### Supplied data

BEGIN

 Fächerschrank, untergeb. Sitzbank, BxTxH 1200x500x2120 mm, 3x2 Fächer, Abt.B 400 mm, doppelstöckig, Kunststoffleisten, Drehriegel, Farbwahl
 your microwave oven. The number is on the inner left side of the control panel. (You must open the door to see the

END
BEGIN

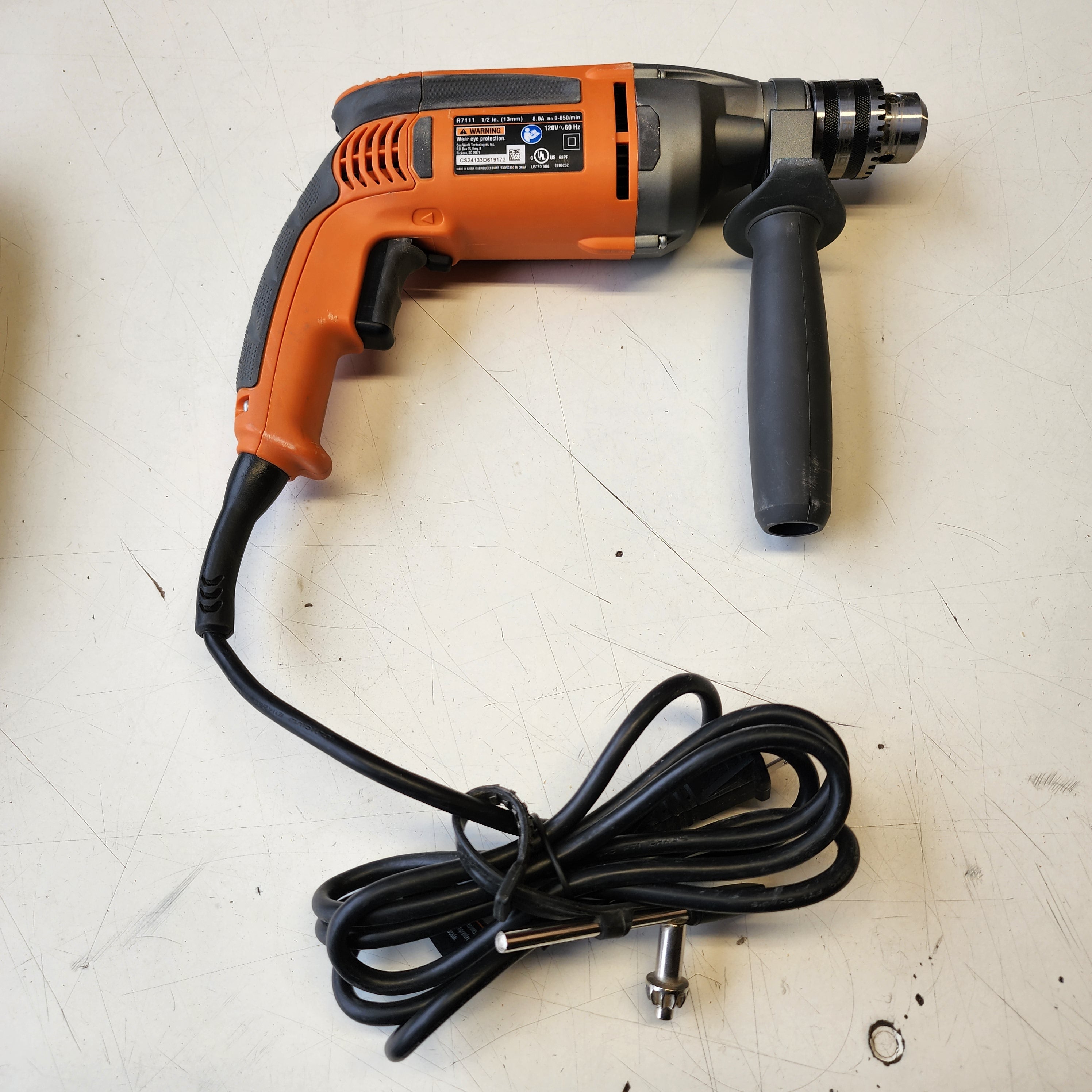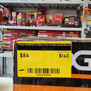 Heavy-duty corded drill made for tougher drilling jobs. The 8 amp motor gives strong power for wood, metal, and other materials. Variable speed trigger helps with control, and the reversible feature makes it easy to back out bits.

END
BEGIN

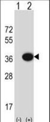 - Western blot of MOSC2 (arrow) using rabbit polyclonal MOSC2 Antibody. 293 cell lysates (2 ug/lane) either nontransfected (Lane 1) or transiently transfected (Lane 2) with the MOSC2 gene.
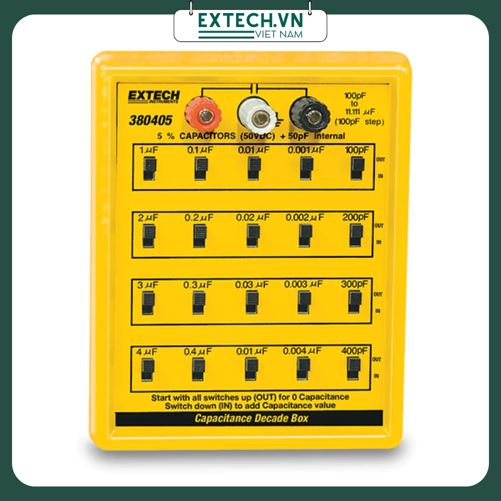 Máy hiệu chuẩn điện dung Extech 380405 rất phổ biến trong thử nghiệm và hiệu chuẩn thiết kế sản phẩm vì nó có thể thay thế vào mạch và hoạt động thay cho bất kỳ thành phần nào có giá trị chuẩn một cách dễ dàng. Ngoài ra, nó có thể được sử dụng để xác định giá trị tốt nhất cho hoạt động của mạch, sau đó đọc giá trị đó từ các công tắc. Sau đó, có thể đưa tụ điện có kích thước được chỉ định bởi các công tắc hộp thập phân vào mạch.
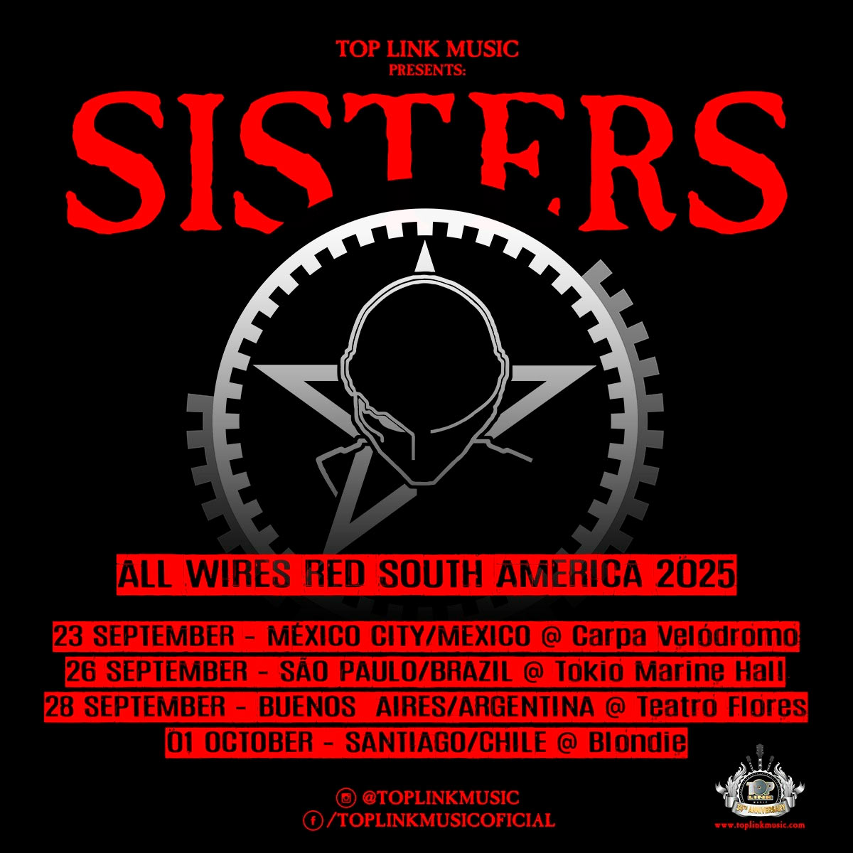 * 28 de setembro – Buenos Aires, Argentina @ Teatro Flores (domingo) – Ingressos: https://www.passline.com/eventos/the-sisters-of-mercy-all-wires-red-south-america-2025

END

### What is required
Give the lines above again exactly, from the one containing "- Western blot" to the one containing "28 de setembro", both included, but leave out the pictures.

### Result below
 - Western blot of MOSC2 (arrow) using rabbit polyclonal MOSC2 Antibody. 293 cell lysates (2 ug/lane) either nontransfected (Lane 1) or transiently transfected (Lane 2) with the MOSC2 gene.
 Máy hiệu chuẩn điện dung Extech 380405 rất phổ biến trong thử nghiệm và hiệu chuẩn thiết kế sản phẩm vì nó có thể thay thế vào mạch và hoạt động thay cho bất kỳ thành phần nào có giá trị chuẩn một cách dễ dàng. Ngoài ra, nó có thể được sử dụng để xác định giá trị tốt nhất cho hoạt động của mạch, sau đó đọc giá trị đó từ các công tắc. Sau đó, có thể đưa tụ điện có kích thước được chỉ định bởi các công tắc hộp thập phân vào mạch.
 * 28 de setembro – Buenos Aires, Argentina @ Teatro Flores (domingo) – Ingressos: https://www.passline.com/eventos/the-sisters-of-mercy-all-wires-red-south-america-2025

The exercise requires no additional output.